Das Ergebnis ist ein narratives Kleinod, das auf die elegischen Ecken und Kanten nicht verzichten will. Ob die balladeske Vorab-Single „A Matter Of Time“ oder das kammermusikalische „Forward“ – Dillon stellt ihre eindrucksvolle Stimme auf „The Unknown“ noch mehr in den Vordergrund. Das Piano ist nicht nur auf nahezu jedem Song zu hören, sondern verbreitet eine ungeheure Tiefe, die die spielerische Naivität des Debüts komplementiert. Auch wenn die Bassdrum auf dem wundervollen „Into The Deep“ als Silhouette ihre Kreise zieht oder das Clubmusik-infizierte „Nowhere“ den elektronischen Unterbau weiterdenkt, ist „The Unknown“ puristischer, hintergründiger und ganz sicher kein Dance-Album.

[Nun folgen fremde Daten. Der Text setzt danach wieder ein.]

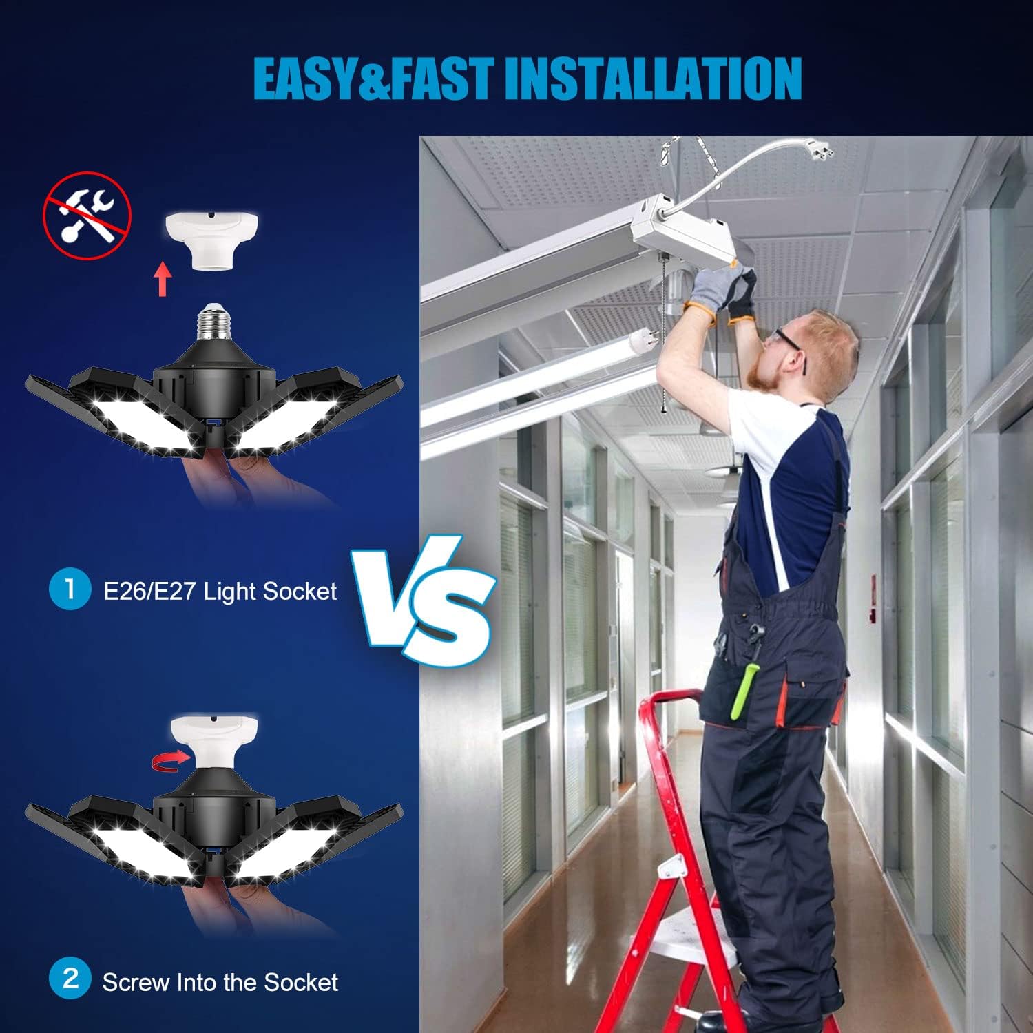 - ✔【Deformable Design Ultra Bright LED Garage Lights】Multi Function Design: 6 light panels can be adjusted on the garage light to expand the illumination range. Each wing is adjustable by 90° and 360°light cover area,powerful LED modules with an output of 15000lm, keeps your room bright but saving 80% energy bill.This 150 watts LED garage light bulb is equivalent to two 300 watts incandescent bulb.
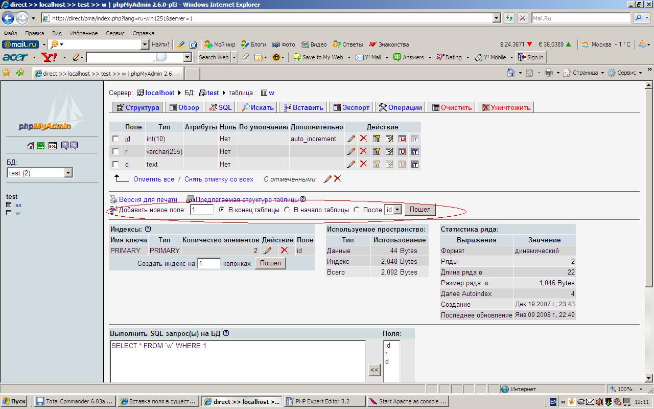 тема: Вставка поля в существующую таблицу

„The Unknown“ ist ein dichtes, kompaktes Werk einer außerordentlichen Künstlerin, deren Weg gerade erst begonnen hat. Oder wie bereits Antoine de Saint-Exupéry sagte: Die Perfektion ist nicht dann erreicht, wenn man nichts mehr hinzufügen, sondern wenn man nichts mehr weglassen kann.

Dillons charakteristische leicht verkaterte Mädchenstimme legt sich über die dicht-flüssige Masse an kalten Beats. Mit der intuitiven Sicherheit eines Traumwandlers schwebt Dominique Dillon de Byington souverän und zugleich fragil auf unterschwellige Elektronik zu. Anmutige Trübsal macht ihre unperfekte Direktheit aus.